DATA below:
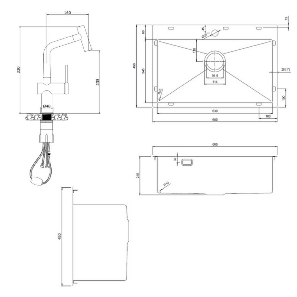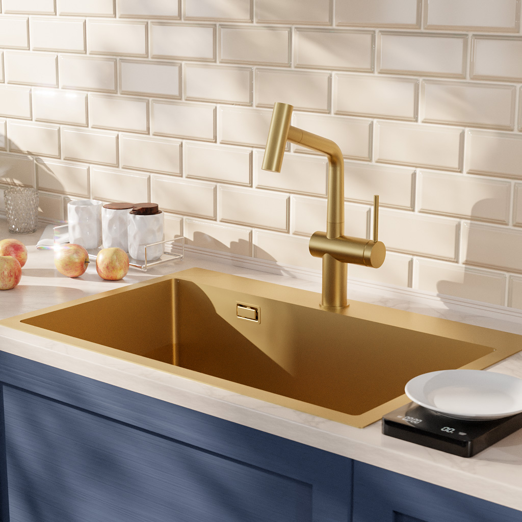 Caractéristiques de l'évier de cuisine encastrable 68x45x21 cm en inox 304, 1 bac + mitigeur d'évier à levier en acier inoxydable avec douchette extractible, monotrou, Ceramia Timeless, or brossé (TMLKST-6845BG-M1) :
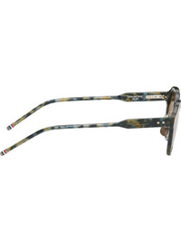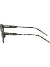 Oval semi-transparent tortoiseshell acetate-frame sunglasses. · Anti-reflective brown lenses · Adjustable metal nose pads · Enameled tricolor stripes at temple tips · Includes case · Size: 49.21 148 Supplier color: Navy melange Acetate. Made in Japan 252381M134079
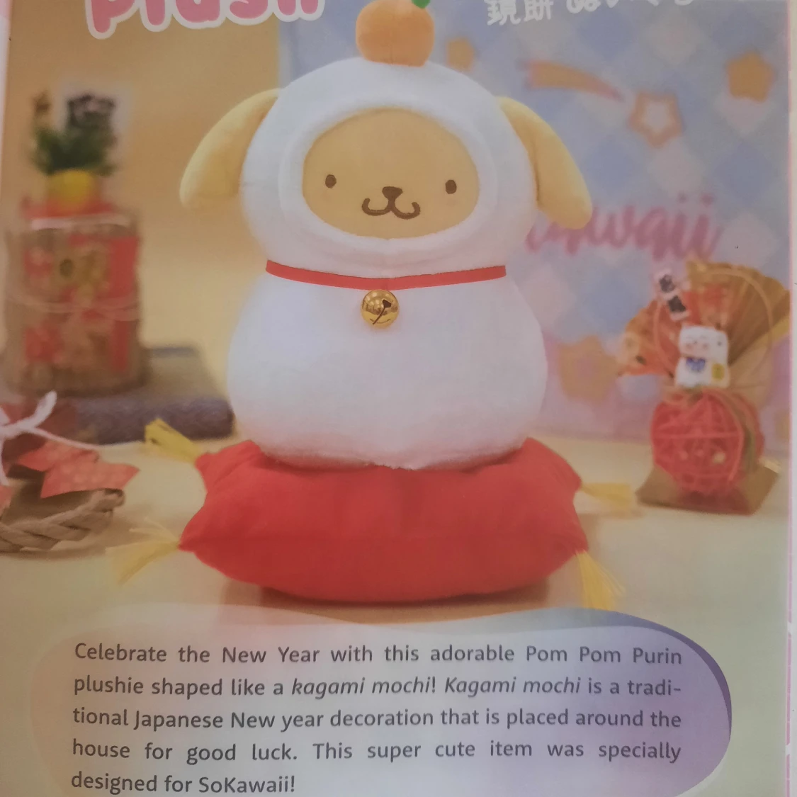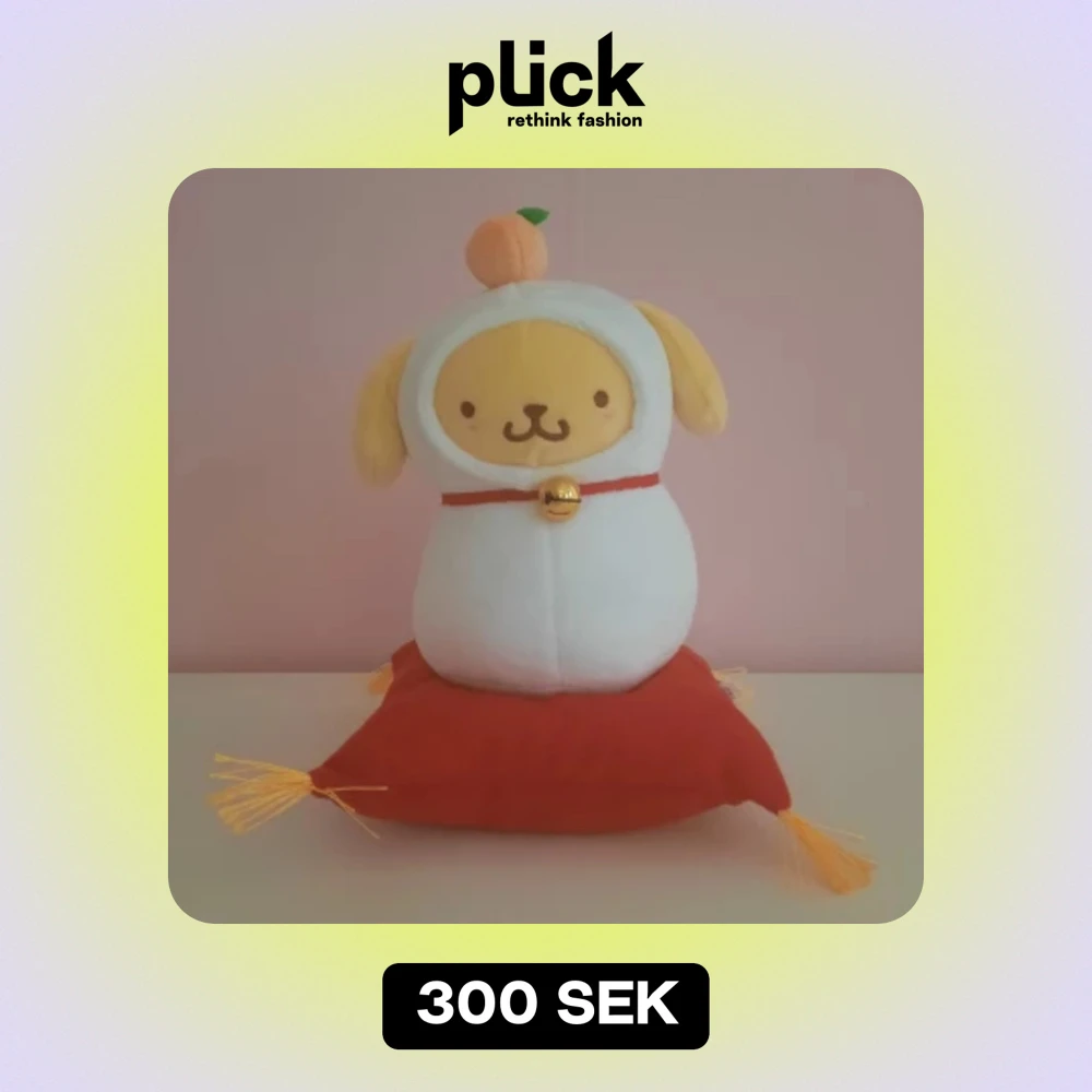 Sanrio Pompompurin plush importerad från Japan från en Sokawaii subscription box. Den har en riktig bjällra som låter när man rör den och en liten ficka på baksidan där man kan lägga något litet. Meddela om du har frågor :)
End of DATA.
HOW TO COMPLETE THIS TASK: The expected output is the run of lines from the one containing "Oval semi-transparent tortoiseshell" to the last line of the listing above, both included, word for word and free of pictures.

YOUR RESPONSE:
 Oval semi-transparent tortoiseshell acetate-frame sunglasses. · Anti-reflective brown lenses · Adjustable metal nose pads · Enameled tricolor stripes at temple tips · Includes case · Size: 49.21 148 Supplier color: Navy melange Acetate. Made in Japan 252381M134079
 Sanrio Pompompurin plush importerad från Japan från en Sokawaii subscription box. Den har en riktig bjällra som låter när man rör den och en liten ficka på baksidan där man kan lägga något litet. Meddela om du har frågor :)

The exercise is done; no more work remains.